For date of birth we prioritise data source > receny thus our final individual table for date of birth is hds_curated_assets__date_of_birth_individual_2024_04_25:

ROW_NUM PERSON_ID DATE_OF_BIRTH RECORD_DATE DATA_SOURCE
3 A 1975-09-01 2023-08-09 GDPPR
4 B 1980-10-01 2022-10-02 GDPPR

Ties

Conflicts can occur at the same record date at data sources that have the same priority index.

To maintain the one row per person requirement:

  • ties are flagged

  • all ties are pulled into an array

  • one record is randomly selected

Example

The following LSOA’s were found for Person A as at the most recent record date available for that person:

person_id lsoa record_date data_source
A E01000001 2020-05-18 GDPPR
A E01000002 2020-05-18 GDPPR

We randomly select one of the values, create a column that indicates this lsoa was picked from a conflict and retain the original conflicting lsoa’s in an array.
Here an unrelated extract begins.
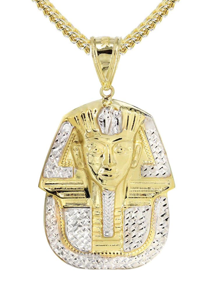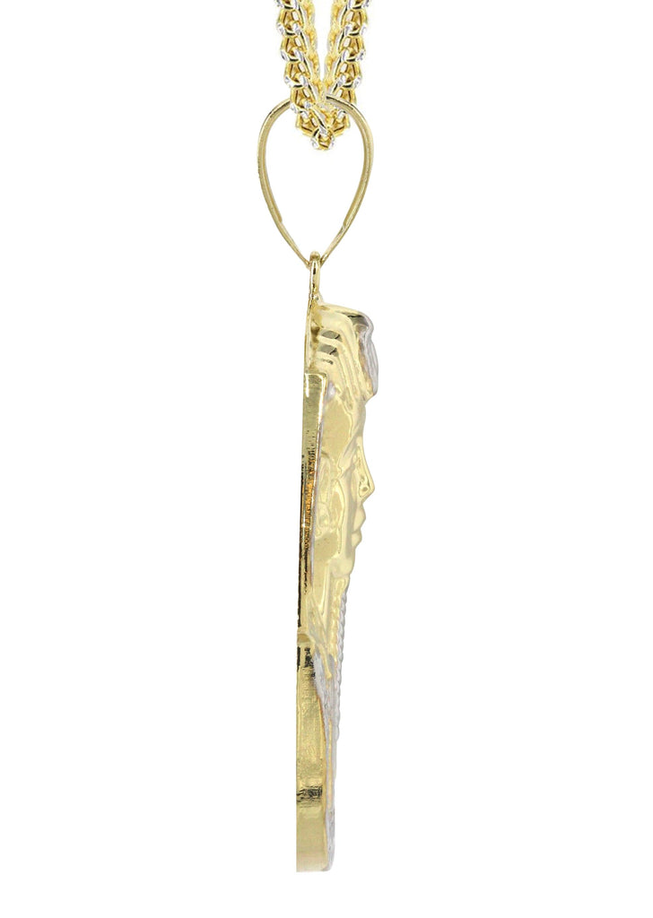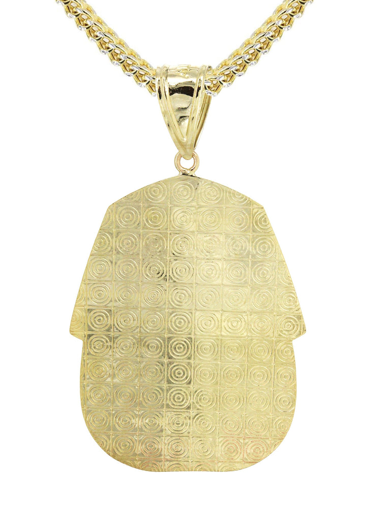 Franco Link Chain And Nefertiti Pendant With An Approximate Total Gram Weight Of 17.4. Pendant Weighs 7.4 Grams And The Chain Weighs 10 Grams. The Pendant Measurement Is 1.3 Inches In Width And A Length Of 2.4 Inches. The Width Of The Chain Is 3 Mm And The Length Of The Chain Can Be Adjusted.

person_id lsoa record_date data_source lsoa_tie_flag lsoa_tie_values
A E01000002 2020-05-18 GDPPR 1 [E01000001, E01000002]

Need to know

Ties affect a very small % of persons once the selection algorithm has been applied. You should decide how you want to proceed with these. The random selection could be carried forward, the tie set to NULL or your own algorithm applied to select an appropriate value.


Demographics Table

Finally, we combine the indivdual tables for date of birth, sex, ethnicity and lsoa into one demographics table.

This table also maps lsoa to the appopriate region and IMD (2019) deciles and quintiles, contains a death flag and date of death and a gdppr flag and minimum gdppr record date.

person_id date_of_birth sex_code sex ethnicity_raw_code ethnicity_raw_description ethnicity_18_code ethnicity_18_group ethnicity_5_group lsoa region imd_decile imd_quintile death_flag date_of_death in_gdppr gdppr_min_date date_of_birth_tie_flag sex_tie_flag ethnicity_18_tie_flag ethnicity_5_tie_flag lsoa_tie_flag
A 1975-09-01 1 M 92461000000105 Pakistani or British Pakistani - ethnic category 2001 census (finding) J Pakistani Asian or Asian British E01000001 City of London 9 5 0   1 2020-01-01 0 0 0 0 1
B 1980-10-01 2 F A British A British White E01025616 East Midlands 7 4 0   1 2021-02-02 0 0 0 0 0
  • Note that there is a small group of people who have died but have no date of death.